Over the past few weeks, we ran manual codebase scans for 10 early-stage startups. All voluntarily. All anonymized below. The deal was simple: connect your repo, our scanner runs in an isolated sandbox, you get a findings report. We never see your code. No sales pitch attached.
We were not looking for everything. We were looking for the things that actually blow up in production. The things a fast-moving team with AI-assisted PRs would miss because the reviewer was tired, or because the reviewer was also the author, or because there was no reviewer at all.
Here is what we found.
By the numbers
9/10
codebases had at least one high-severity finding
6/10
had a secret that had already touched a production branch
8/10
had a dependency with a known critical CVE
7/10
had at least one migration that could not be cleanly rolled back
Finding 01: Leaked secrets in production branches
Six out of ten. That is the number that surprised us most. These were not secrets buried in an old feature branch. They were in main. A few were in commit history that had been squash-merged and forgotten. One was a live Stripe secret key that had been rotated but not removed from the repo.
The pattern we see most often: a developer hardcodes a key locally to test something quickly, then that file gets staged, committed, and pushed in a batch commit at 11pm. The PR looks fine. Nobody checks the diff on config files carefully.
# what we actually found, paraphrased
STRIPE_SECRET_KEY=sk_live_4xR9...redacted # committed 47 days ago
AWS_ACCESS_KEY_ID=AKIA...redacted # committed 61 days ago
DATABASE_URL=postgres://admin:p4ss...redacted # still in HEADNone of these would have been caught by a standard linter. They were caught by a scan that was specifically looking for them.

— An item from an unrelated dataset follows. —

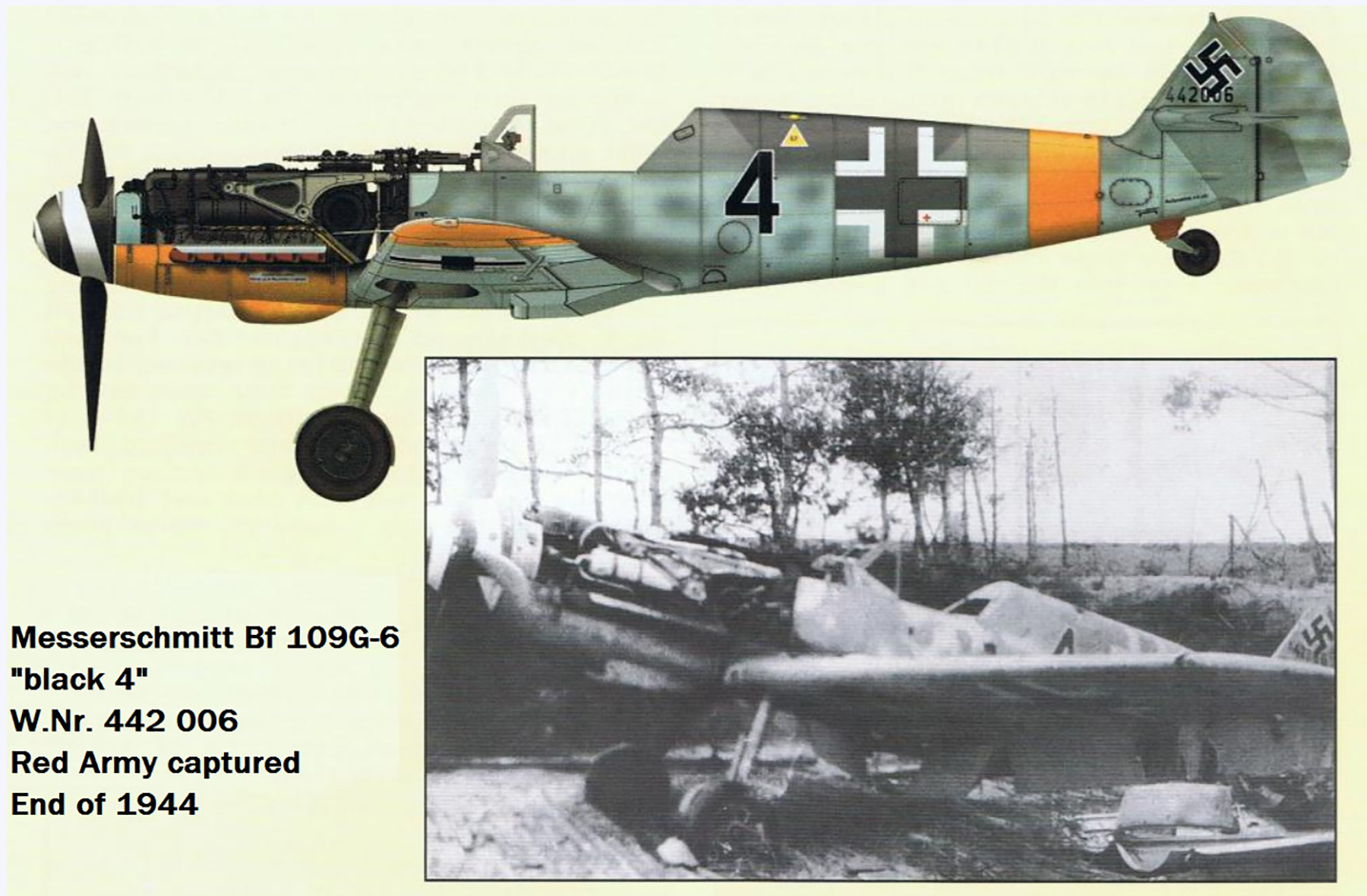 Messerschmitt Bf 109G6 2.JG11 Black 4 WNr 442006 captured by soviet forces late 1944 0A

Finding 02: Vulnerable dependencies nobody noticed
Eight out of ten codebases had at least one dependency flagged with a critical CVE. The average time since the vulnerability was published: 94 days. The average number of PRs merged into the codebase in that window: 38.
The dependency that came up most often was a JSON parsing library used as a transitive dependency three layers deep. Nobody installed it directly. It showed up because something else pulled it in. It had a known prototype pollution vulnerability. It was easy to miss and easy to fix once you knew it was there.
The problem is not that teams are careless. The problem is that dependency trees are opaque and most review workflows do not have a dedicated step for checking what changed below the surface.
Finding 03: Schema drift and migration risk
Seven out of ten had at least one migration that we flagged as non-reversible without data loss. Three of those had already been applied to a staging database that shared the same schema as production.
Schema drift is the category where we see the clearest gap between what teams think is safe and what actually is. Most teams that write careful application code write fast migrations. The migration is an afterthought. It ships in the same PR as the feature.
“The migration ran fine in staging. It would have failed against 180,000 rows. The rollback would not have been clean.”
Finding 04: Unsafe merges from AI-generated code
This one was harder to quantify, so we are being careful with the number. In five out of ten codebases, we found code patterns consistent with AI generation that had been merged without substantive review. Not because the teams were sloppy. Because the code looked fine on the surface and the PR was small.
What we actually flagged in this category: logic that handled the happy path correctly but had no error boundary for an obvious edge case. Input validation that was present in the UI layer but absent in the API route. Auth checks that existed on the route but not on a background job that hit the same data.
This is the blast radius problem. A single unsafe merge is not usually catastrophic on its own. It is catastrophic when it is in a path that touches billing, user data, or access control.
What this tells us

These are not bad engineering teams. Most of them are moving fast with small crews, using AI tooling to ship faster, which is rational. The problem is that the generation tools and the review layer are not independent. The same model that wrote the code is, at best, being asked to review a diff of the code. That is not a review. That is a spell-check.
What these codebases needed was not more suggestions. They needed something to block the merge until the finding was resolved. That is what we are building.
We are opening early beta scans. Free.
We are running free codebase scans for early-stage startups right now. The scan is now fully automated. Connect your repo, the pipeline runs, you get a report. No queue. No batch. No waiting on us to find time in our day.
Fully blackboxed. We never touch your code.
The scan runs inside an isolated, ephemeral sandbox. Your code is never transmitted to us, stored on our infrastructure, or accessible to anyone on the autter team. The scanner executes, produces findings, and the environment is destroyed. What you get is a report. Not a relationship where someone at a startup has read your codebase.
This is not a footnote. For most of the teams we spoke to, it was the deciding factor.
No sales call required. No commitment after. If you want to talk through the findings, there is a link below to book 30 minutes. If you just want the report, that works too.
Get your free scan

P.S. Tanvi reviewed this post before it went out and said the stat on AI-generated code was "too soft and needs a harder number." She is right. We are working on that. For now, five out of ten is what we can stand behind without overfitting to a pattern. We will publish the harder number when we have it.